Ah... back in the days when developers actually cared about performance 😉

Collapse
 
tiguchi profile image
Thomas Werner

About 10 years ago on earlier Android devices. I worked on image processing apps and a couple games. Floating point calculations were super slow on Android devices back then, specifically for image processing and video game math. So step one was to convert those floating point calculations to integer calculations, which already gave a pretty decent performance boost. Step two was to rewrite those routines in C and call them using the Java Native Interface.

The next problem was garbage collector activity that would stall especially video game animations and game performance. So the optimization trick was to recycle all objects and arrays etc., so nothing would be ever garbage-collected while the game was running. So if the game had entities such as enemies, projectiles etc, I would use so-called "pools" for each entity type and retrieve them when needed, and put them back again when done.

Collapse
 
sjmulder profile image
Sijmen J. Mulder

Pools are great for this sort of thing! I hear games using MonoGame using similar approaches, never allocating in the game loop. In C I just use static arrays for this kind of thing, saves a bunch of work on memory management too. In C++ you can use custom allocators that'll automate this behaviour for you.

Collapse
 
bias profile image
Tobias Nickel

a while back, working on a SASS platform, I implemented something I named at the time "request caching". so caching requests instead of the results. Much later I found out this prwctise is named 'query batching' and it worked just like the Dataloader library from facebook. just that my solution worked with higher order functions, could seemless integrate with transactions and other contexts like pagination.

by adding this into the projects own ORM, the entire app got a perfornance boost.

by the way it was a time when node apps where made with callbacks and not even with promises.

by the way, tcacher still has some advantages over Dataloader.
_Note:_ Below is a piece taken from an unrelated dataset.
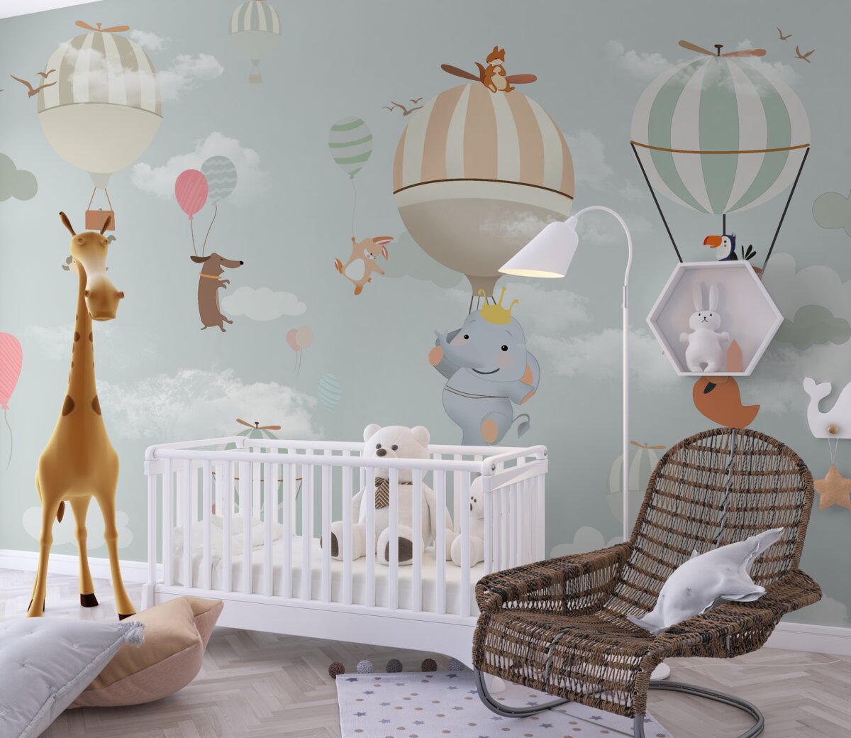 Tapeta Fototapeta Zwierzęta wspinają się na balony i balony (artykuł a96442 ) z kategorii Fototapety dla Dzieci

But it could be lifted to the age of ESM modules.

Collapse
 
thumbone profile image
Bernd Wechner

Ironically, I've not done much performance tuning/refactoring in the 30+ years I've been developing or maintaining software (except perhaps for caching, as Shai Almog says ... caching!).

But my most memorable and lauded work has often been quite the opposite.

That is, actively slowing things down or at least discarding performance as a criterion in order to pursue competing goals (generally, maintainability, the cost or even facility of maintenance).

I'm not the only person to have landed on a project that was a black box because no-one, since implementation, wants to touch it. Anyone who's looked at it saw a house of cards, a mysterium of complexity and fled. The risks of making changes or the costs of a complete replacement both judged too high ... Just leave it be, if it ain't broke don't fix it.

But then a rewrite is budgeted, mainly because new hardware is bought with new peripherals, firmware and OS etc... And so this black box needs porting which equates to a rewrite.

A deep analysis of the thing to be rewritten begins the job, teasing it apart, building an internal documentation of the old, an internal spec, all the things lost to time in this legacy system. Then a rewrite, but often the main goal this time is not to land here again, but to have software that can be maintained, enduring staff turn over. And with that goal eclipsing performance, with a new generation of hardware providing enormous performance gains, a lot of complicated and difficult to describe optimisations in the old software, on the old hardware are tested against a simpler implementation on the new hardware ... scrutinising performance and accuracy and precision (I have always worked in the engineering and science realms). If the new is not significantly slower than the old or if, on the new hardware, is still faster, then with its clarity of code, internal documentation and interface specifications, it is the winner.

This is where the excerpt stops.